Manning probably would have at least two or three big seasons left in him and be a legitimate, exciting target for the Dolphins if healthy, but in his case if healthy flashes and screams in red neon, like a warning sign.

Flynn? He is healthy, coming into his prime at 26, and has been tutored in Green Bay by Aaron Rodgers and by new Dolphins head coach Joe Philbin. But Flynn would be a significant risk simply for the number two.

Two career starts.

That is less proof than Moore brought to Miami. Flynn could turn out great — and Philbin should have a better sense of that than anyone — but Flynn also could turn out to be A.J. Feeley or Matt Cassel or any other young guy who flashed big in very limited action but wilted to something far less under fulltime pressure.

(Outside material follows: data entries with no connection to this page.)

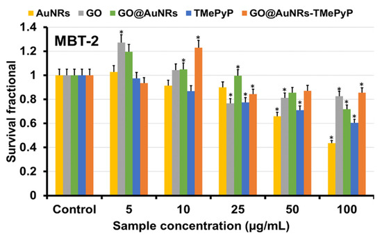 Cell viability of GO, AuNRs, GO@AuNRs, TMePyP and GO@AuNRs-TMePyP against MBT-2 cells (* p < 0.05).
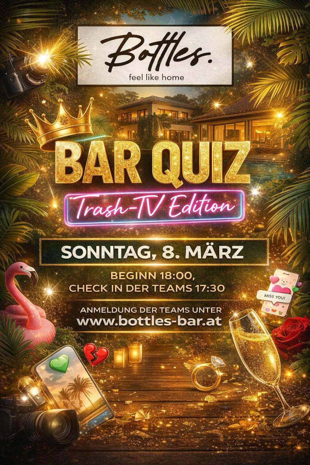 Drama. Glamour. Reality-TV. Das Bar Quiz – Trash-TV Edition kommt ins Bottles! Von Dschungelcamp bis Sommerhaus, von großen Gefühlen bis zu ganz viel Fremdscham – hier ist alles dabei, was wir heimlich lieben Sonntag, 8. März Beginn 18:00 Uhr | Check-in ab 17:30 Uhr Bottles – feel like home Jetzt Team anmelden: www.bottles-bar.at Plätze sind limitiert – Drama garantiert!
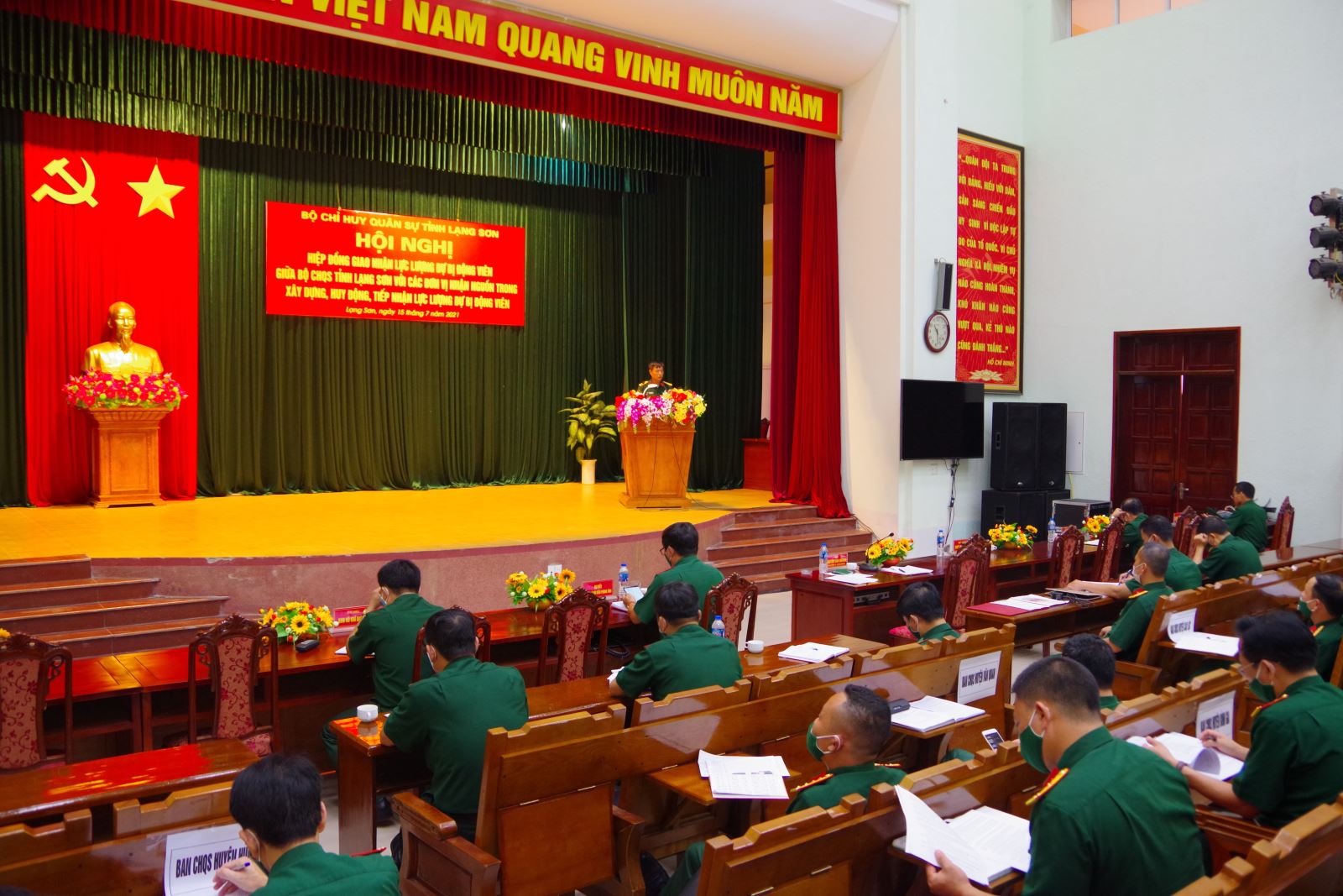 Tại hội nghị, Bộ CHQS tỉnh Lạng Sơn đã công bố Quyết định của Chủ tịch UBND tỉnh và Chỉ huy trưởng Bộ CHQS tỉnh về việc giao chỉ tiêu huy động và tiếp nhận lực lượng dự bị động viên cho Ban CHQS các huyện, thành phố. Căn cứ chỉ tiêu được giao, các huyện, thành phố sẽ tiến hành lựa chọn, động viên, tiếp nhận và tổ chức bàn giao cho các đơn vị nhận nguồn, bảo đảm kịp thời, đúng quy định.
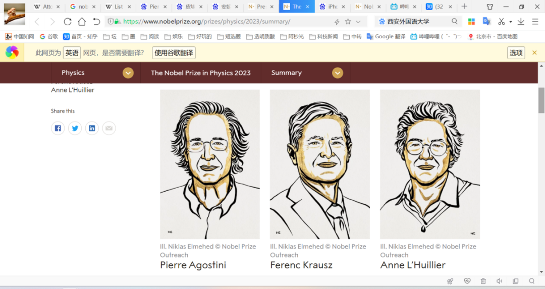 目前人類最快的脈衝激光——阿秒脈衝激光,今年諾貝爾物理學獎就頒給了研究它的三人組:法國的阿哥(Pierre Agostini)、德國的氪佬(Ferenc Krausz)和瑞典的法國人安妮(Anne L’Huillier)。
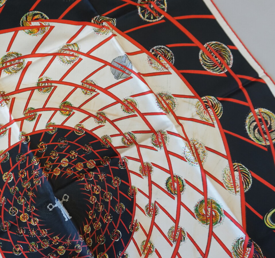 HERMES : Carré de soie imprimé titré "Les feux de l'espace", fond noir et ivoire, signé, 90 x 90 cm environ (en l'état, taches).
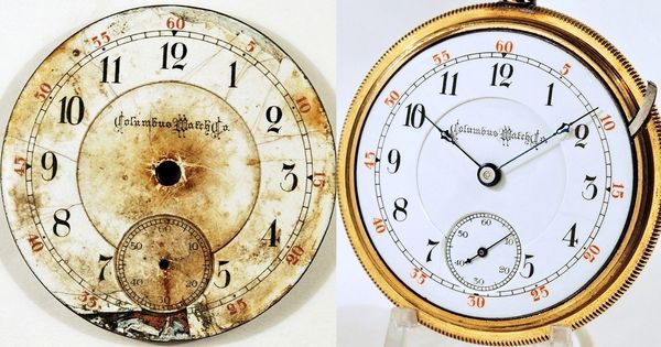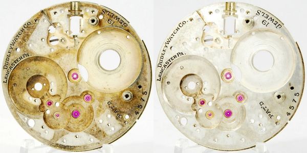 They offer a number of cosmetic processes to improve the appearance of your watch, like replacing missing enamel in the plate engravings, hand bluing, and tarnish removal as shown in this rare Dudley watch.
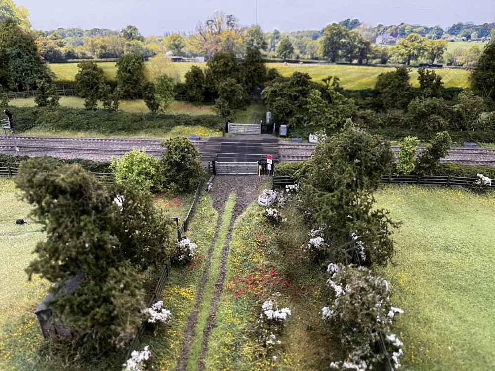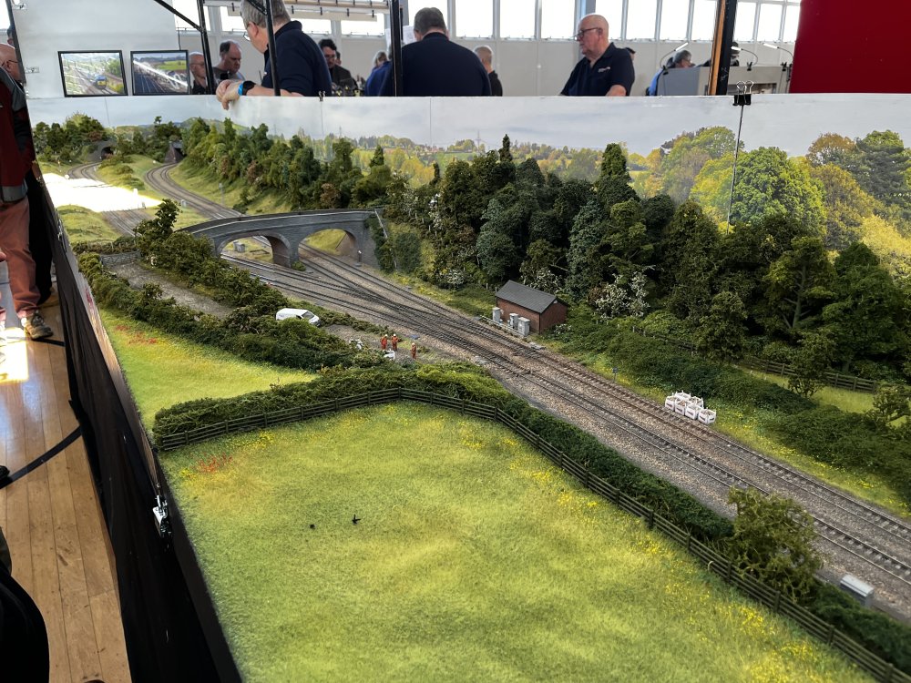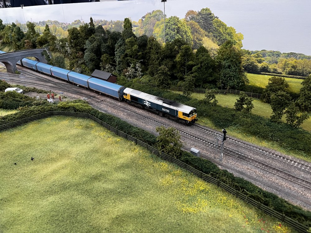 5. As promised, more from Basingstoke. This is Fairfield Jct, modelled (pretty exactly) on the junction of that name to the West of Westbury. Now this layout had some terrific scenery modelling - look at this lane which could have been in Ireland - I'd never before seen Hawthorn in bloom modelled! Pretty good, eh? Now the actual junction, with (incorrectly, they never run here) a car carrying train! And then sans train. The white patch is the sun coming through a window!!!! And finally, the iconic HST in full GWR Bling tearing along - I do approve of layouts with full size trains! IMG_4763 2.MOV More later.....
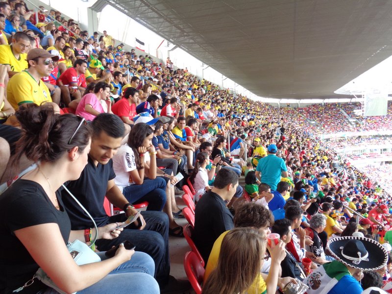 I’d estimate that as the game kicked off a third of the seats were unoccupied. I’m not surprised though as we can’t have been the only ones who underestimated the time necessary to get from Recife city centre to the stadium. There were still people arriving over an hour into the match and I suspect quite a few spent the entire game still in their cars and inching slowly forward.

My sense from a Dolphins source is Miami would pursue Manning if and only if he is verified as 100 percent healthy, but that is seen as a possibility shrinking by degrees in the rear-view mirror. Which means it is more likely the team will end up targeting Flynn. What if, though.

Say Manning is judged too big a medical risk or chose to sign elsewhere. Say the competition for Flynn is seen as too pricey for one so unproven. What if the upgrade-seeking Dolphins were left to roll dice on a lesser free agent or on a lower-ranked draft pick? Or what if Flynn were signed but proved to be less than all that.

Matt Moore could start looking pretty good again, is what I mean.

Sort of like chopped liver might if you were starving and it was what you had.